Olaylar Ve Görüşler

AKP ve Diyanet

03 Nisan 2015 Cuma

AKP iktidarı 2002’den beri, tahayyülünde olan düzeni ve toplumu oluşturmak amacıyla, bir takım sosyal mühendislik faaliyetlerine girişmiş bulunmak tadır.
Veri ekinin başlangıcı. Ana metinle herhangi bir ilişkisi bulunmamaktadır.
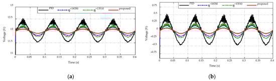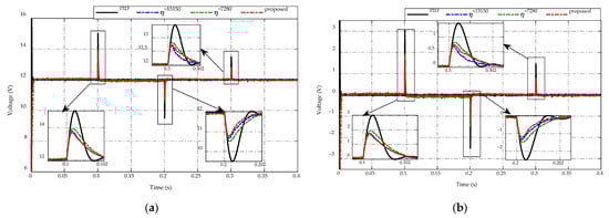 For the high-voltage side response, the voltage variations under the buck/boost mode switching of four control strategies are shown in Figure 12 in which Figure 12a depicts the voltage-tracking performances, while Figure 12b presents the corresponding comparative tracking error. Keeping the desired voltage at 24 V is the main requirement on the low side. Overall, a small fluctuation in the range of keeps the high-side voltage around the desired value. In particular, when the converter operates in the buck mode during the time and , the battery source will discharge the energy to satisfy load demand, causing a slight degradation of the high-voltage side compared to the desired voltage with the tracking error in the range of as shown in Figure 12b. Meanwhile, the converter works in the boost mode, which controls the charging energy to the battery source, in the interval of and . As a result, the high-voltage side fluctuates with the tracking error in the range of .

AKP iktidarının siyasi ve hukuki yapılanmalarla sürdürülen faaliyetlerin en temel araçlarından biri de Diyanet İşleri Başkanlığı’dır.

1924 Türkiyesi’nde
Bunda da şaşılacak bir durum yok; malum 1924’te Cumhuriyet Türkiyesi’nin temel yapı taşlarından biri olarak, din hizmeti sunmak için oluşturulmuş bir kurum.
Evet, bir modernite projesi olarak kurulmakta olan Cumhuriyetin kurucuları için din kurumu bir yandan bir rakip hatta tehlike; ama bu olgu karşısında seçenekleri pek fazla olmayan bir konumda kaldıkları da görülmekte.

Laik düzeni korumak
Ya din olgusu hiç yokmuş gibi davranacaklar ya da yönelmekte bulundukları laik devlet modeline en az ters düşebilecek bir çözüm arayacaklardı.
Din olgusunu “yok” farz edemeyecek kadar basiret ve ileri görüş sahibi olan Cumhuriyetin kurucularının, bu kuruma başlıca iki işlev yüklemiş oldukları gözlemlenebilmekte:
Bir kamu hizmeti sunmak ve bu hizmeti sağlayan personeli gözetim altında tutmak suretiyle laik düzeni korumak.
Böylece Diyanet kurumunu tahayyül ettikleri toplumu oluşturmak için en önemli aygıtlardan biri halinde örgütleyerek, bu amaca yönelik olarak “din konusunda toplumu aydınlatma” babında dini bilgi yani resmi din ideolojisi üretilmesi sağlanıyor.
AKP’nin de Diyanet kurumu ile ilişkisi bu anlayışla birebir; ancak tahayyül edilen toplum farklı.

Erdoğan’ın fetvaları
Dolayısıyla yeni “fetvalar” Erdoğan’ın, “Sezaryenle doğuma karşıyım, kürtajı cinayet olarak görüyorum. Ha anne karnında bir çocuğu öldürürsünüz ha doğduktan sonra. Hiçbir farkı yok.”, “Dindar bir nesil yetiştireceğiz” gibi beyanları doğrultusunda.
Bunun en son örneklerinden biri de Diyanet İşleri Başkanlığı’na ait, “fetva mercii” olarak işlev gören Dini Soruları Cevaplandırma Platformu’na yöneltilen “Tüp bebek yöntemi ile çocuk sahibi olmak caiz midir” sorusuna verilen cevap.
Din İşleri Yüksek Kurulu Başkanlığı, bu konuda 5 Ocak 2012 tarihinde kadın veya erkekteki “bir kusur nedeniyle”, “tabii ilişkiyle gebeliğin gerçekleşmesinin mümkün olmadığı” durumlarla ilgili karar verdiğini hatırlattı.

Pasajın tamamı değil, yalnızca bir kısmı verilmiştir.